YOUR INSTRUCTIONS: In your copy, reproduce each entry exactly and include no picture.

#### INPUT FOR THIS TASK ####

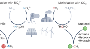 Implementing a chemical C–N coupling step to intercept reactive intermediates in electrocatalytic CO2 or NOxy– reduction reactions is an emerging approach to sustainable electrosynthesis of organonitrogen compounds from cheap and abundant feedstocks.
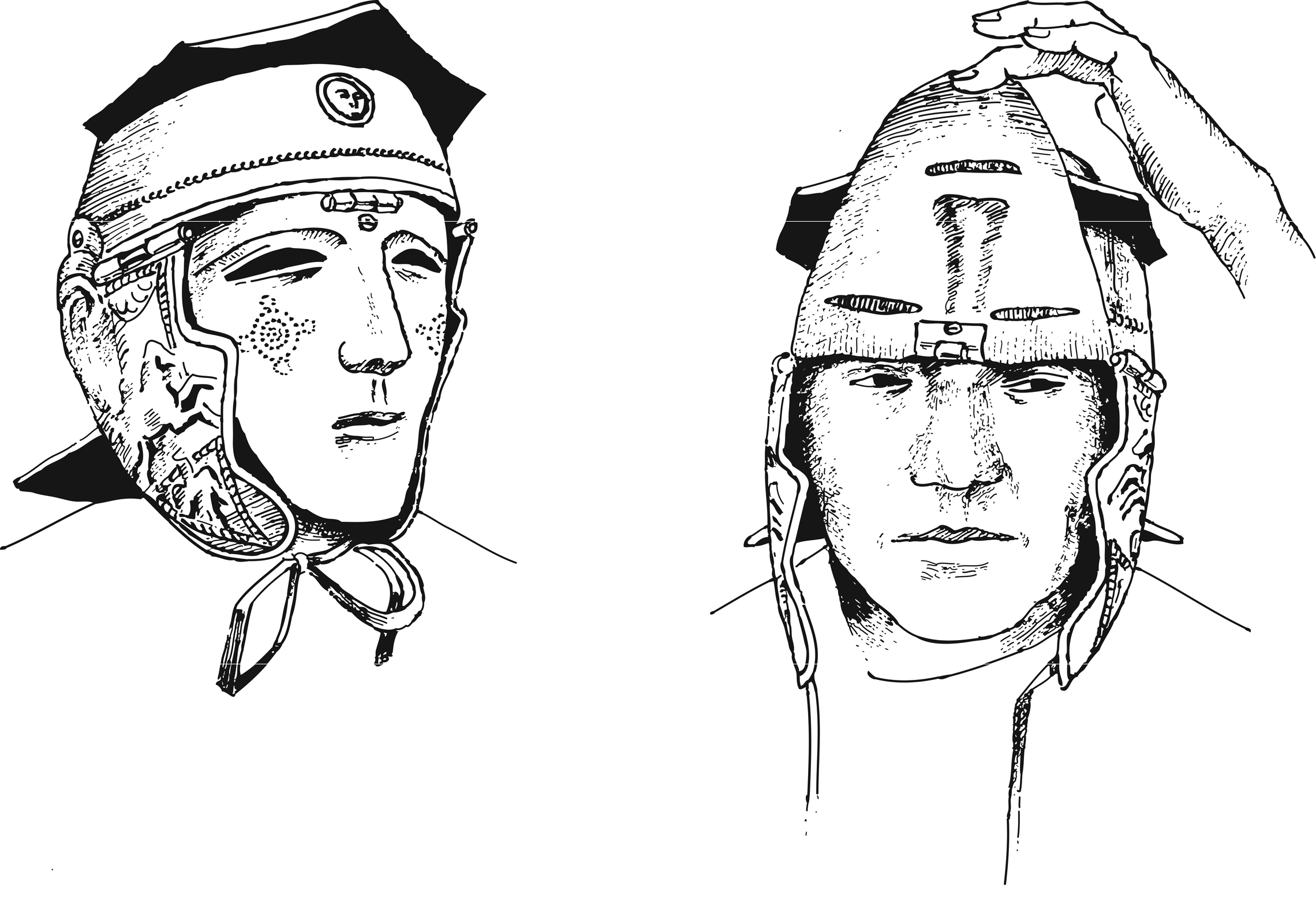 Реконструкция маски типа Калькризе была испытана при ношении в пешем строю10. Данная маска (рис. 5-6) является экспериментальной реконструкцией оригинала первой половины I в. н.э.11 Маски-забрала такого типа крепились к центру нижней кромки лобной части купола шлема с помощью шарнирного соединения. Дополнительно они прочно фиксировались на лице нащечниками шлема, которые, в свою очередь, связывались кожаными шнурками для закрепления шлема на голове воина12. Оригиналы масок данного типа не имели приспособлений для дополнительных креплений. Как показал опыт ношения реконструкции маски, они и не требуются. Следует заметить, что такой метод крепления маски к обычному пехотному шлему позволяет в случае необходимости разобрать соединение без особых усилий и носить шлем без маски (рис. 7).
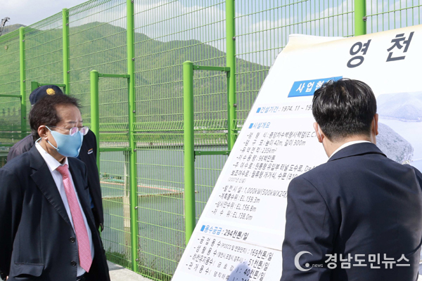 [경남도민뉴스] 홍준표 국민의힘 대구시장 후보는 낙동강 상류 댐에서 도수관로를 연결해 1급수를 원수로 쓰는 상수도 공급 방안인 ‘맑은물 하이웨이’ 구상을 보다 구체화하기 위해 1일(일) 오후 영천댐을 방문했다.
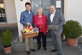 Thomas Sauer beglückwünschte die Jubilarin im Namen der Ortschaft Poxdorf. Vom VdK Ortsverband Königsfeld war Brigitte Schmittlein anwesend und wünschte alles Gute.
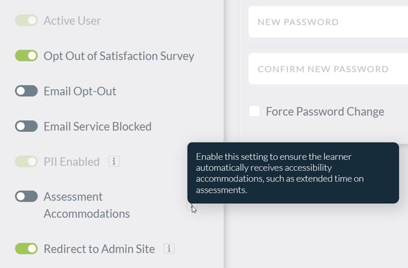 - Learner Profile Accommodation: A new toggle in learner profiles enables automatic accessibility accommodations, such as extended time on assessments. Changes are logged for auditing, and accommodations apply across LMS features when enabled.
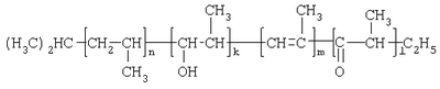 Кислородсодержащие группы в ОАПП определяют по ИК-спектрам: карбонильные – при =1720 см-1 с коэффициентом экстинкции =220 кг/(моль·см), связанные водородной связью ОН группы – при =3200-3600 см-1 с =70 кг/(моль·см). Количество гидроксильных групп у вторичного атома углерода определяют ацилированием уксусным ангидридом в пиридине по известной методике (Торонцева А.М., Белогородская К.В., Бондаренко В.М. Лабораторный практикум по химии и технологии высокомолекулярных соединений. Л.: Химия, 1972, 416 с.). Ненасыщенность полимеров определяют методом азонолиза на приборе АДС-4.

####

ANSWER SECTION:
 Implementing a chemical C–N coupling step to intercept reactive intermediates in electrocatalytic CO2 or NOxy– reduction reactions is an emerging approach to sustainable electrosynthesis of organonitrogen compounds from cheap and abundant feedstocks.
 Реконструкция маски типа Калькризе была испытана при ношении в пешем строю10. Данная маска (рис. 5-6) является экспериментальной реконструкцией оригинала первой половины I в. н.э.11 Маски-забрала такого типа крепились к центру нижней кромки лобной части купола шлема с помощью шарнирного соединения. Дополнительно они прочно фиксировались на лице нащечниками шлема, которые, в свою очередь, связывались кожаными шнурками для закрепления шлема на голове воина12. Оригиналы масок данного типа не имели приспособлений для дополнительных креплений. Как показал опыт ношения реконструкции маски, они и не требуются. Следует заметить, что такой метод крепления маски к обычному пехотному шлему позволяет в случае необходимости разобрать соединение без особых усилий и носить шлем без маски (рис. 7).
 [경남도민뉴스] 홍준표 국민의힘 대구시장 후보는 낙동강 상류 댐에서 도수관로를 연결해 1급수를 원수로 쓰는 상수도 공급 방안인 ‘맑은물 하이웨이’ 구상을 보다 구체화하기 위해 1일(일) 오후 영천댐을 방문했다.
 Thomas Sauer beglückwünschte die Jubilarin im Namen der Ortschaft Poxdorf. Vom VdK Ortsverband Königsfeld war Brigitte Schmittlein anwesend und wünschte alles Gute.
 - Learner Profile Accommodation: A new toggle in learner profiles enables automatic accessibility accommodations, such as extended time on assessments. Changes are logged for auditing, and accommodations apply across LMS features when enabled.
 Кислородсодержащие группы в ОАПП определяют по ИК-спектрам: карбонильные – при =1720 см-1 с коэффициентом экстинкции =220 кг/(моль·см), связанные водородной связью ОН группы – при =3200-3600 см-1 с =70 кг/(моль·см). Количество гидроксильных групп у вторичного атома углерода определяют ацилированием уксусным ангидридом в пиридине по известной методике (Торонцева А.М., Белогородская К.В., Бондаренко В.М. Лабораторный практикум по химии и технологии высокомолекулярных соединений. Л.: Химия, 1972, 416 с.). Ненасыщенность полимеров определяют методом азонолиза на приборе АДС-4.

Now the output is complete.